ArreauStandardPoodle said:


> I was just on a web site of another breeder, and they are advertising one of their dogs as a UKC Ch./ INT. Ch. I know this dog finished in UKC, and know it is not finished in AKC. I have heard of Grand Champion status in UKC, but not INT. CH. Can someone explain to me if this title is possible and what does it take to get it? I am not very familiar with UKC rules and regulations. Thanks ahead of time.


Hi Cherie, I'm guessing that you saw that on Bindi's description. It is an IABCA/UCI National/International Champion and she completed her International champion status in the Jungsten class (Jü.A). Each dog is judged based on the standard of breed origin. The International champion requires that at least two of the judges be licensed in different countries to judge this breed standard. So they've been judging, for instance poodles, in another country besides the US. You get a report card for each showing indicating what is good and what lacks against the standard and the Judge rates the dog. The shows are very similar to both UKC and AKC with the different classes but you keep going up the ladder in the classes. Since it is based on the breed of origin standard they can be in any of those acceptable cuts. The results and certificates come from their headquarters in Germany.
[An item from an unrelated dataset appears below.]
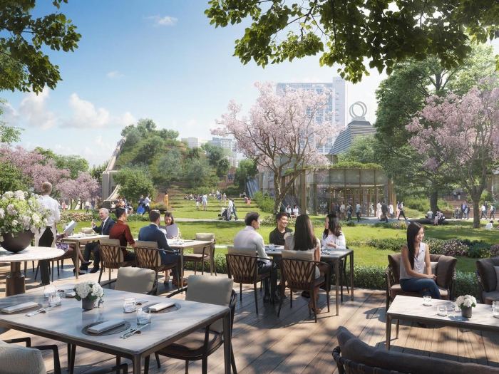 Зеленые зоны станут отличным местом отдыха горожан на открытом воздухе (визуализация Toranomon-Azabudai). | Фото: tokyoweekender.com.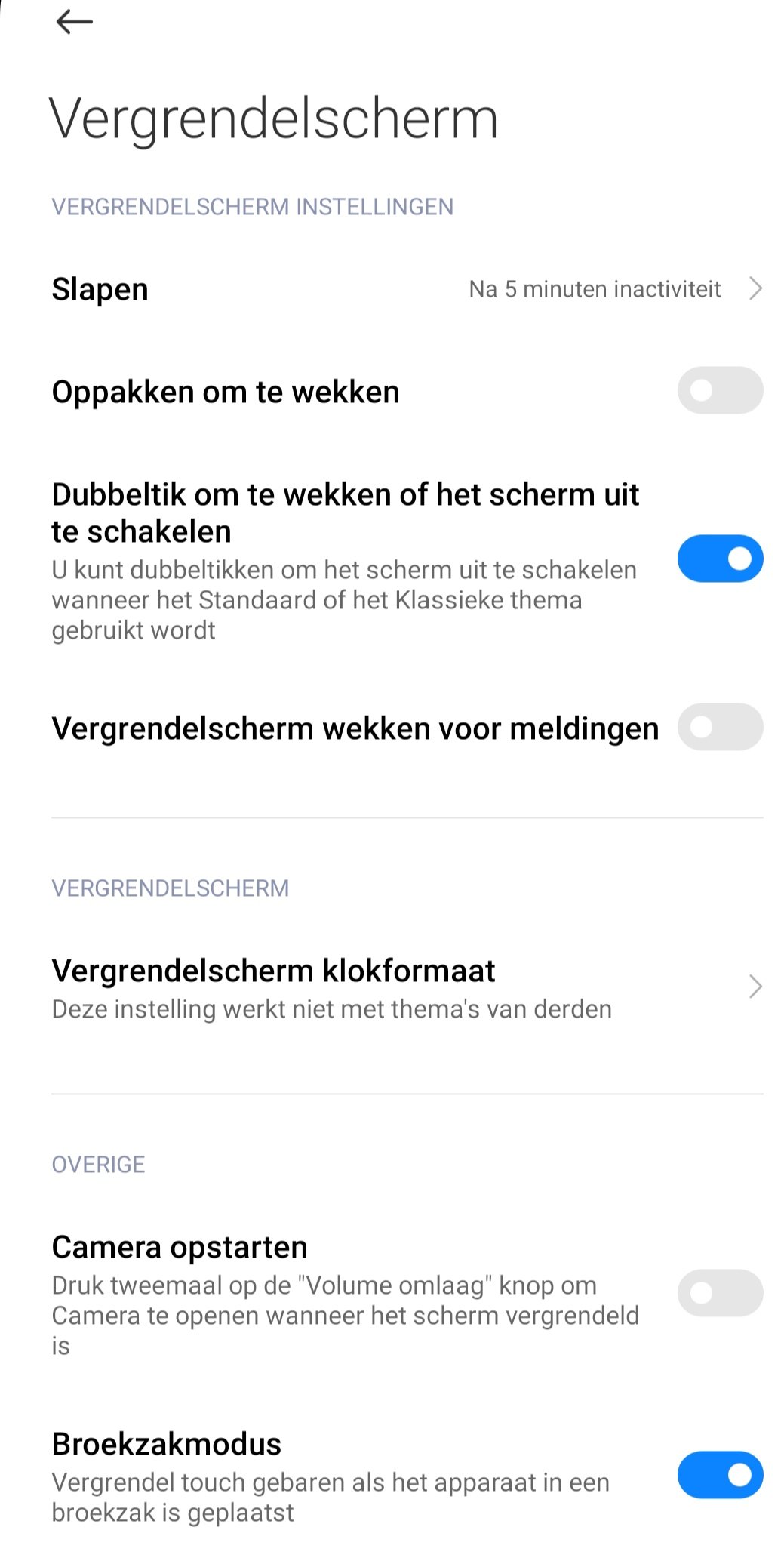 Als ik het scherm uitzet met de aan/uitknop gaat het scherm op zwart en moet ik na tikken op het scherm opnieuw inloggen.

We'll go back and show again in this venue as it is exciting and fun and it is always interesting to hear what the judge tells you about your dog and striving up each level. They just don't have many of them around my area and they tend to be outdoors and with poodles in coat, mid 90s and humid in the summer, it is a bit much on dog and human. The shows also tend to conflict with one of our other selected AKC or UKC shows which are always held indoors in air conditioning, although grooming may be several buildings away, ugh!

It's been very rewarding for me as I put all the points on my dogs myself without a handler. Although, I have had some very fine pro handler mentors! They are more excited about me getting the points and majors then I am. If I could, I'd be handling more poodles of color in the ring. It's not that I have not been offered by several breeders and kennels already to groom and show their dogs, and not just reds! I just don't want my hobby to be a job, my kids perform for me and we have a great time hanging with other dog folks!


----------



## ArreauStandardPoodle (Sep 1, 2009)

Thanks for that info. I have been reading up on it and it sounds interesting. I would love to go a have a gander. Nice if it is friendly.


----------